══ STORED DATA
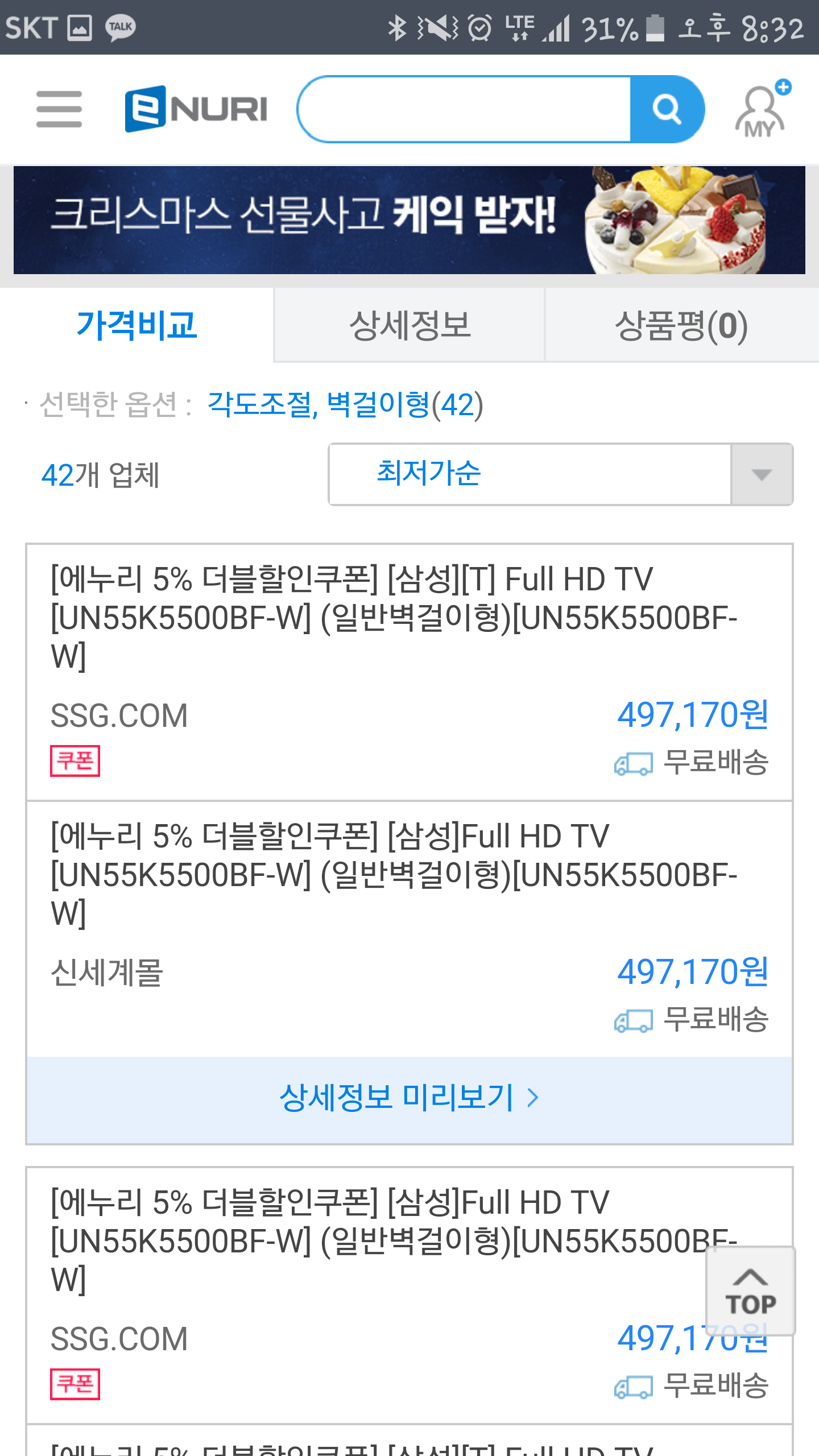 아 얼마전에 깡통 43인치 이거저거해서 43에 엘지꺼샀는데... 이게 훨 싸네요 |
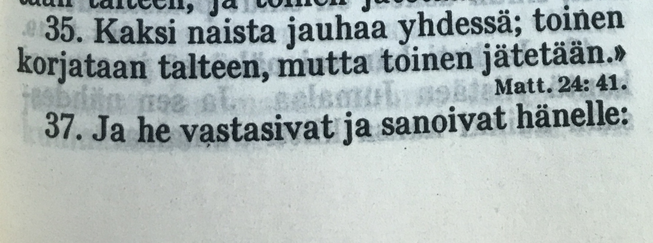 Kuuntelin hiljattain Mauno Mattilan uuden videon nimeltä 'Väärennetyt Raamatut', ja siinä hän tuo selkeästi esille sen, miten paljon näissä viimeisimmissä käännöksissä on suorastaan vääristelty alkuperäistä Pyhää Sanaa ! Oli kyllä mielenkiintoinen esitys.
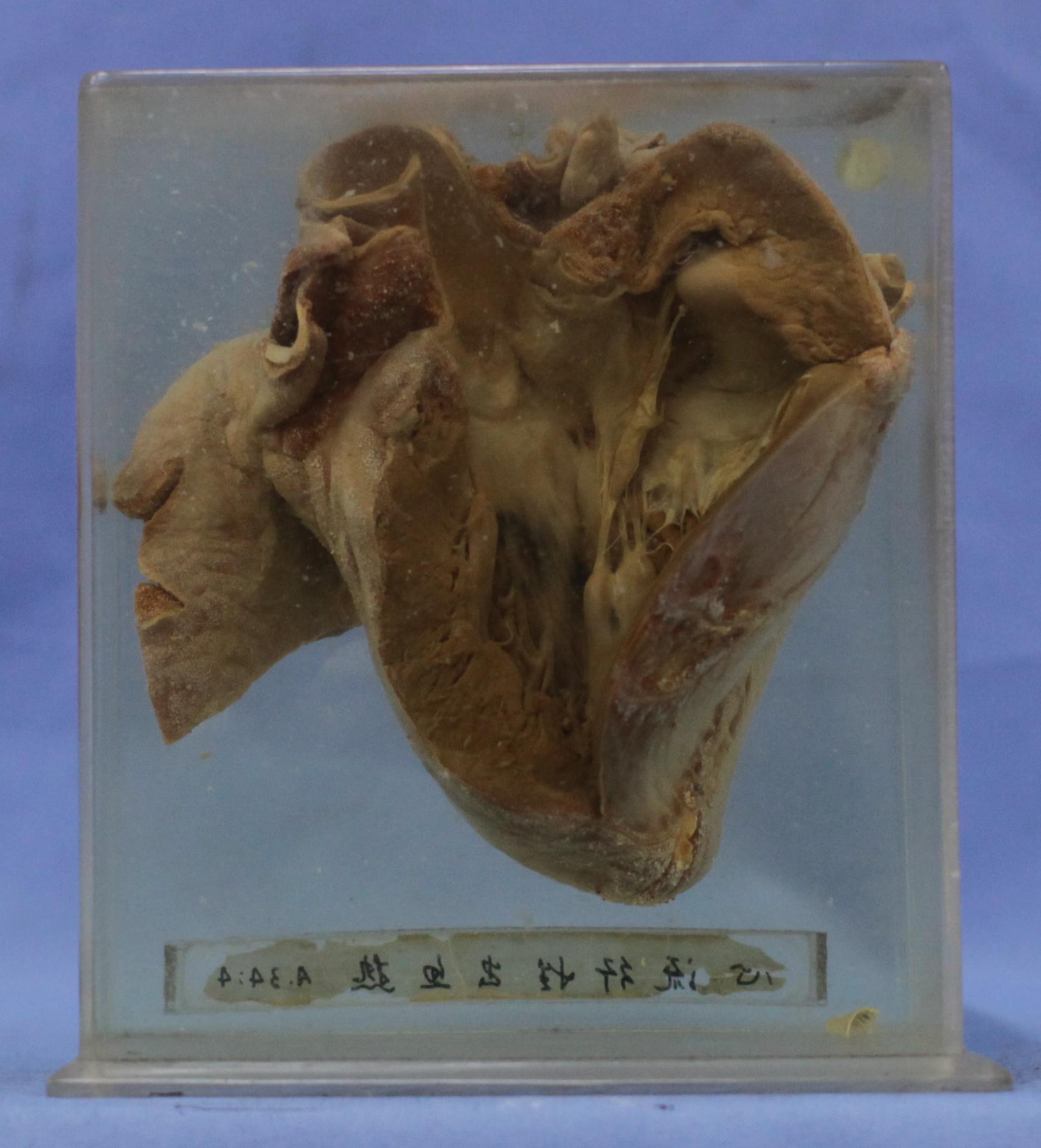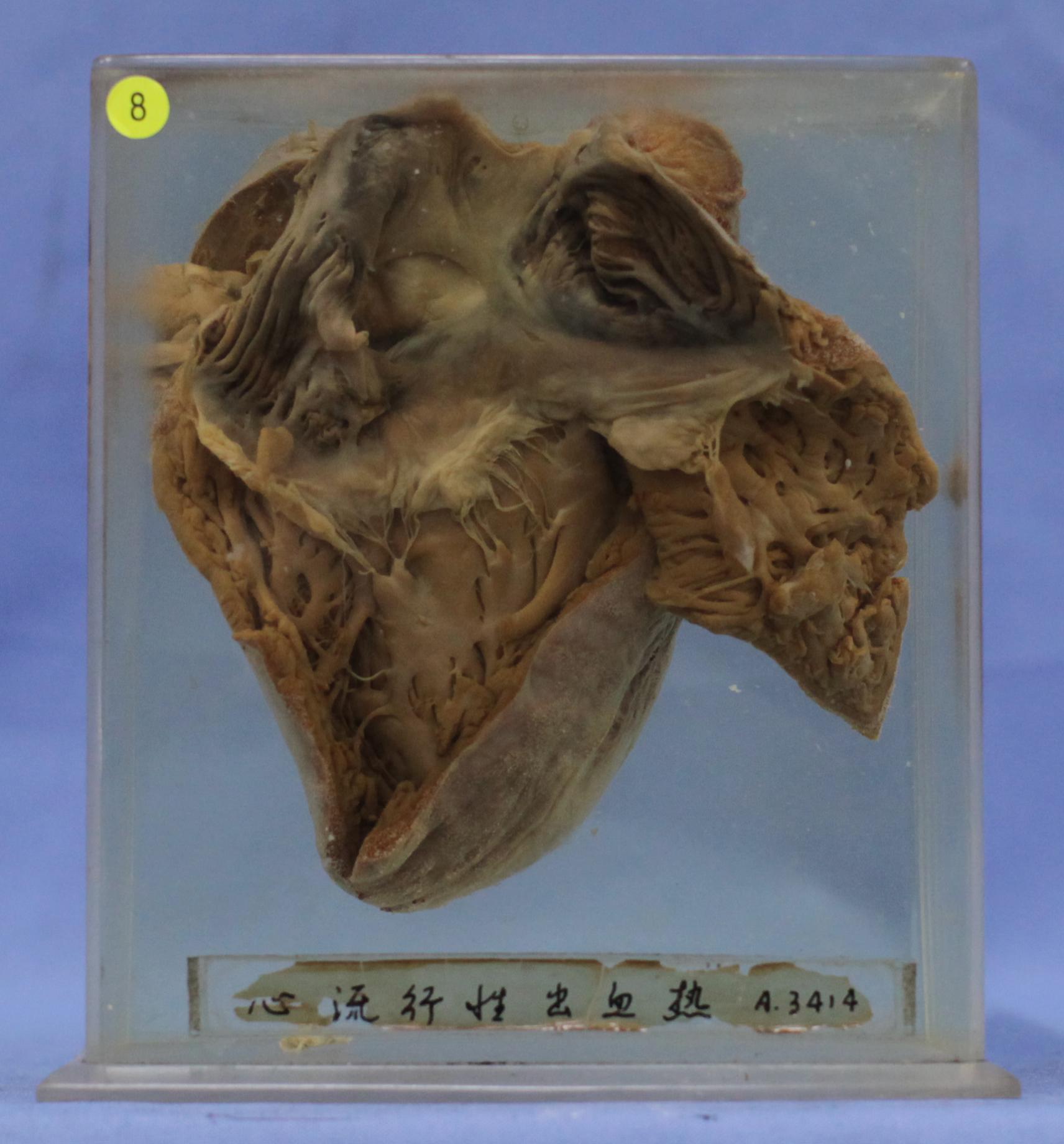 患者男性, 37岁,右心房有特征性内膜下大片状出血灶。
════
Your answer must reproduce exactly the lines from the line with "Kuuntelin hiljattain Mauno" through the end of the material, both ends included, with every picture dropped.

 Kuuntelin hiljattain Mauno Mattilan uuden videon nimeltä 'Väärennetyt Raamatut', ja siinä hän tuo selkeästi esille sen, miten paljon näissä viimeisimmissä käännöksissä on suorastaan vääristelty alkuperäistä Pyhää Sanaa ! Oli kyllä mielenkiintoinen esitys.
 患者男性, 37岁,右心房有特征性内膜下大片状出血灶。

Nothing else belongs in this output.